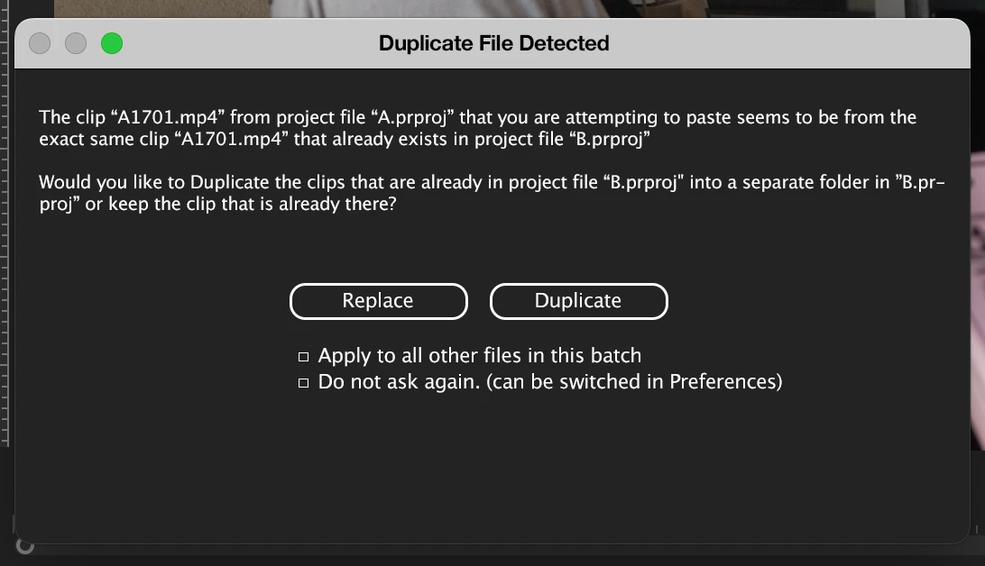 This is similar to Finder/Explorer copying and pasting solutions as Premiere gives the user no option. In its current context Project files become increasingly polluted, especially if you're using multiple clips from multiple projects.
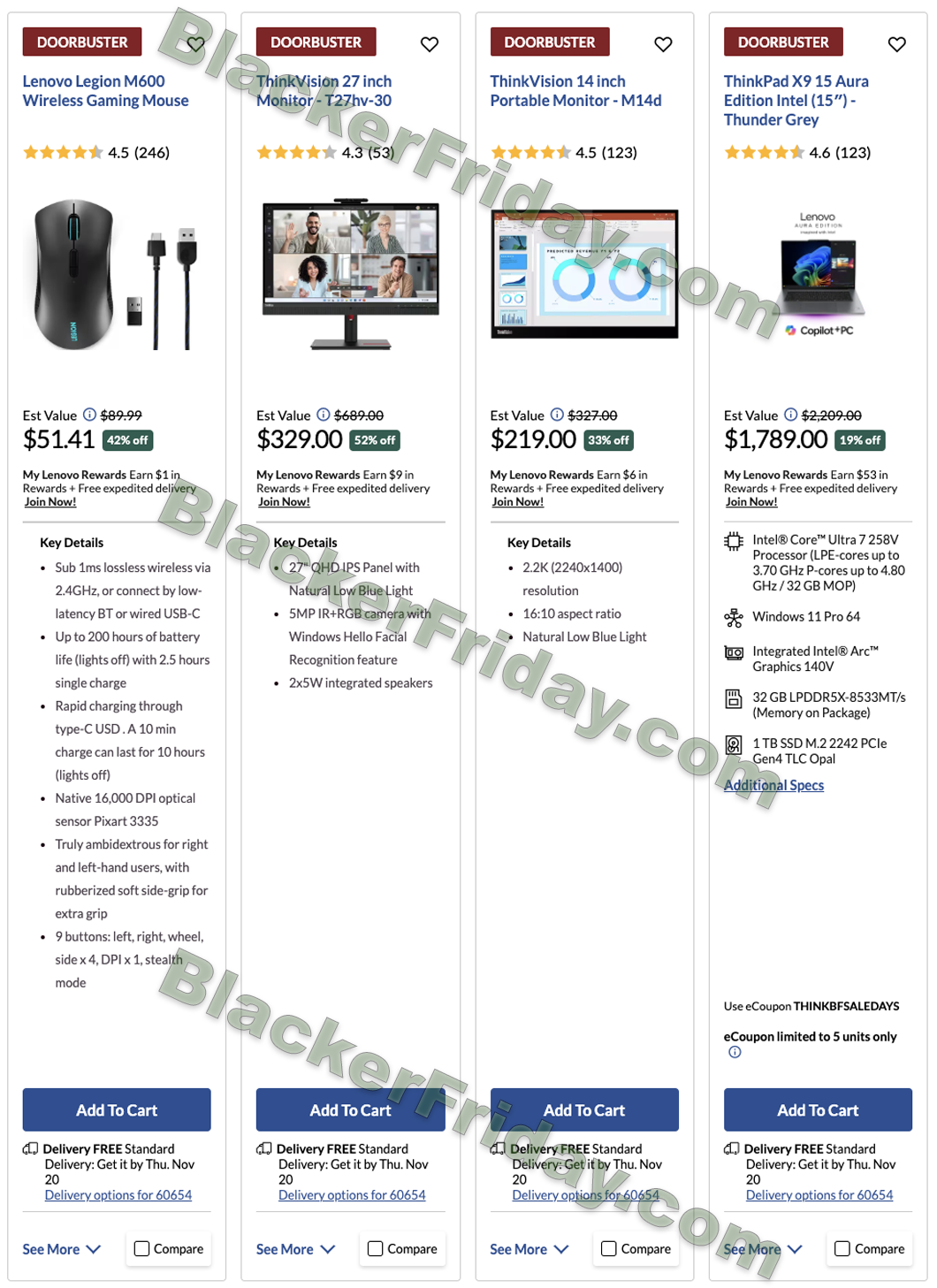 Some offers are tied to specific configurations or bundles. Lenovo has been known to throw in accessories like a mouse, headset, or bag for free as part of Black Friday bundles. It’s also common to see gaming laptops paired with monitors or accessories at a discounted package price.
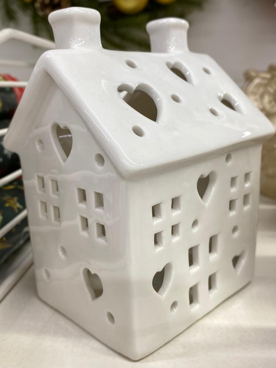 Фигурка керамическая Домик 12,8см, белый, LED-подсветка (+ батарейка 2LR44), SYTCC-3823125

——

## Directions
An exact reproduction of the lines from the line containing "Some offers are" through the end of the listing above is needed; pictures stay out.

## Task answer
 Some offers are tied to specific configurations or bundles. Lenovo has been known to throw in accessories like a mouse, headset, or bag for free as part of Black Friday bundles. It’s also common to see gaming laptops paired with monitors or accessories at a discounted package price.
 Фигурка керамическая Домик 12,8см, белый, LED-подсветка (+ батарейка 2LR44), SYTCC-3823125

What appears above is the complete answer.